I ask because of the different rules applying to other royal or imperial houses -- e.g. Russia, the UK, and Denmark. The highest rank and titles in the first two have traditionally been restricted to children and grandchildren through sons of sovereigns. Male-line great-grandchildren have been princes with the qualifying rank of only Highness -- exceptions being those born direct heirs to thrones (e.g. King Edward VIII of Great Britain).
And thanks to Letters Patent issued by King George V, this is now a discontinued practice in Great Britain: the Earl of Saint Andrews was not born HH Prince George of Kent. Moreover, some members of the British royal family entitled to style themselves with the title Princ(ess) are using lesser titles -- e.g. the children of the Earl of Wessex.
Evidently the Danish royal house has been more restrictive than the British, in that grandchildren through younger sons of sovereigns are only Highnesses -- although they are princes. This is true even of great-grandchildren through eldest sons -- unless they are born direct heirs to the throne (e.g. King Frederik IX).
If the Danish system applied to Bavaria, the children of Prince Luitpold and Prince Adalbert (younger sons of King Ludwig I) would have been only Highnesses. But even granted that they would have been Royal Highnesses in the British system, their own children would have been only Highnesses (since their nearest sovereign ancestor would have been only a great-grandfather).

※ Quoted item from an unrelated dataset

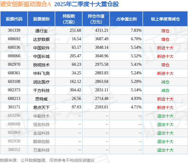 诺安创新驱动混合A的前十大重仓股如下:
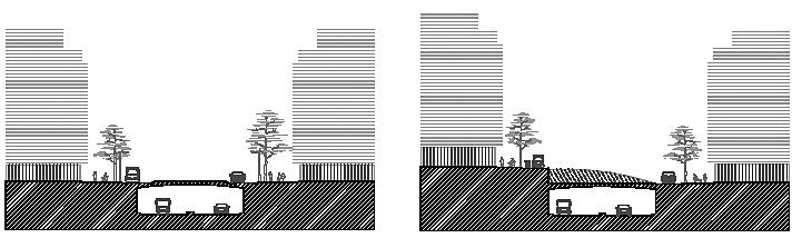 Sections of the Ronda ring roads showing the different levels to conserve urban connectivity.

The man we know in history as King Ludwig III did not succeed to the Bavarian throne until 1913, by which time he was already a grandfather. This means that his children would have been elevated in their qualifying rank from Highness to Royal Highness only then. And only the children of his eldest son (Crown Prince Rupprecht) would have been Royal Highnesses in the Danish system.
But even granted that his grandchildren through Prince Franz (who in 1912 married Princess Isabella of Croÿ) would have become Royal Highnesses in the British system, his great-grandchildren (excepting possibly those through Rupprecht) would have been only Highnesses.
And the grandchildren of Prince Regent Luitpold through his younger sons (Prince Leopold, who married Archduchess Gisela of Austria, daughter of Emperor Franz Joseph, and Prince Arnulf, who married Princess Theresa of Liechtenstein) would have forever remained only Highnesses -- just like the grandchildren of his younger brother, Prince Adalbert (1828-1875).
As it was, it all appears to have been a moot point, since Bavaria allowed the full style HRH Prince(ss) for all cadet members of the royal (if not ducal) house -- correct?
Well: we know that neither of the two "mad" kings (the sons and successors of Maximilian II) ever married and had children of his own.
Ludwig II and Otto, between them, failed to produce a single heir to the throne. So it was up to their cousins to secure the continuance of the royal dynasty by marrying and having children. Since they themselves never bred any princes or princesses of their own, perhaps it was poetic justice that there will were Wittelsbachs of the next generation (and the generation after) who were born Royal Highnesses ...
As I understand, Crown Prince Rupprecht married twice -- his first wife (Duchess Marie Gabrielle in Bavaria) dying young before becoming crown princess. So all five of their children were born during the regency period of his grandfather, Prince Luitpold. But despite the fact that their nearest sovereign ancestor within the house of Wittelsbach, as of their births, was their patrilineal great-great-grandfather (King Ludwig I), all were styled from the beginning with the title Princ(ess) of Bavaria, with the qualifying rank of Royal Highness.
I'm assuming this to have been the case -- correct?